The New York-headquartered investor-owned utility first disclosed its planned strategic evaluation in fourth-quarter 2021 and year-end earnings materials released Feb. 17. The company did not provide details about whether a full unit sale, spinoff or asset sales are part of the review.
Con Edison Clean Energy Businesses, or CEB, operates through three subsidiaries: Con Edison Energy Inc., Consolidated Edison Development Inc. and Consolidated Edison Solutions Inc.
Scotia Capital (USA) Inc. analyst Andrew Weisel said Con Edison's plan to maximize value from CEB "seems like a good strategy to us" despite the firm forecasting 7% to 10% annual earnings growth for the subsidiary.
"CEB's backlog of projects is large enough that management sees ample opportunity to continue to [develop projects and transfer to third parties], supporting future earnings growth," Weisel wrote in a Feb. 18 research report. "That said, management is evaluating strategic alternatives for the portfolio as a whole as the company doesn't believe that the stock reflects the value of the business. We see a sale as reasonably likely, the proceeds from which could reduce [Con Edison's] equity needs."
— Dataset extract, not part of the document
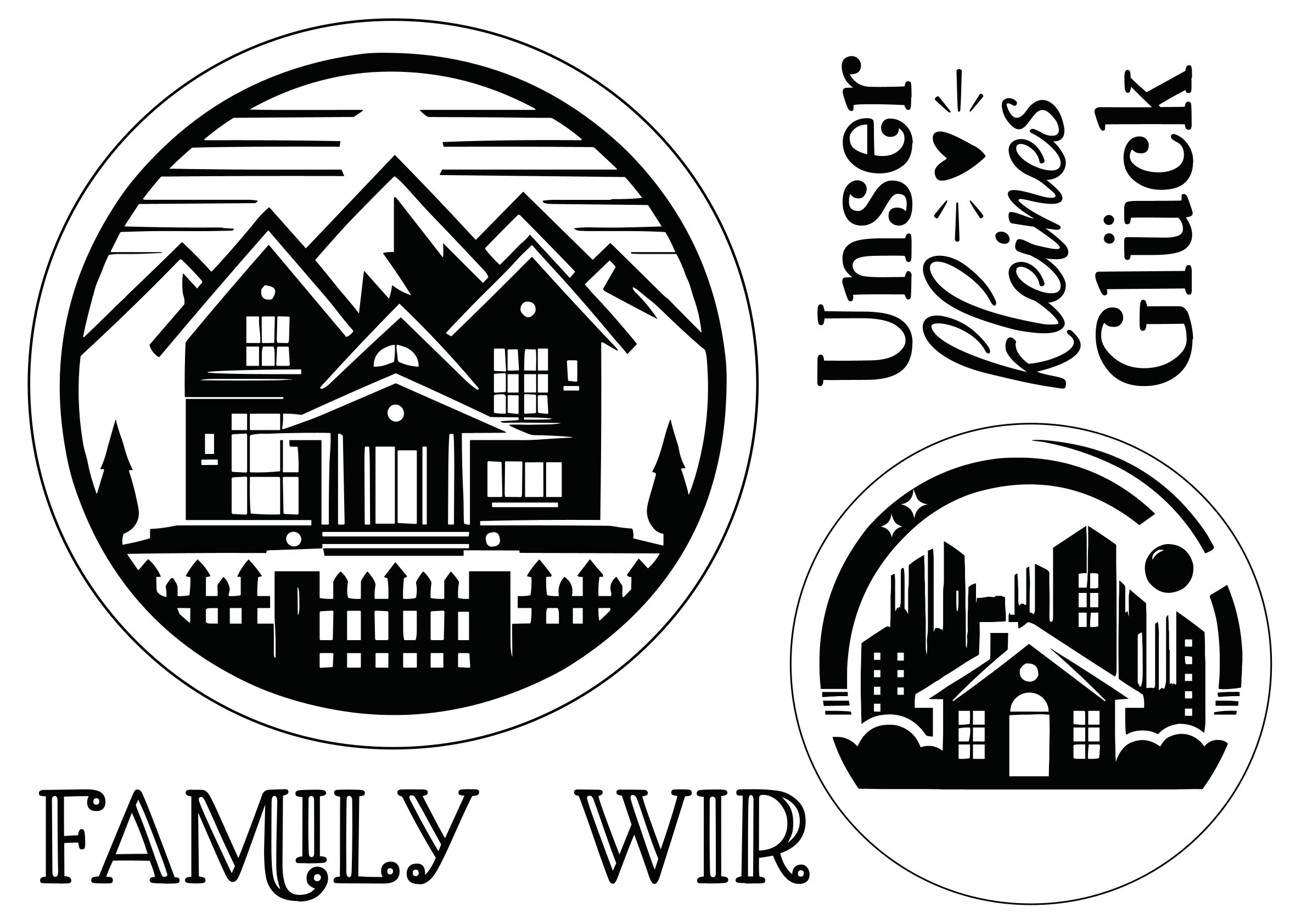 Heimatmomente – Unser kleines Glück – Family – Wir – Selbstklebende Siebdruck-Schablone

The clean energy unit has about 3,000 MW of planned and operating solar and wind projects in its portfolio sited in markets throughout the U.S., according to S&P Global Market Intelligence data. In addition, Consolidated Edison Development's 150-MW Timberwolf Battery Storage 2 project is in early development in the Electric Reliability Council of Texas Inc. market.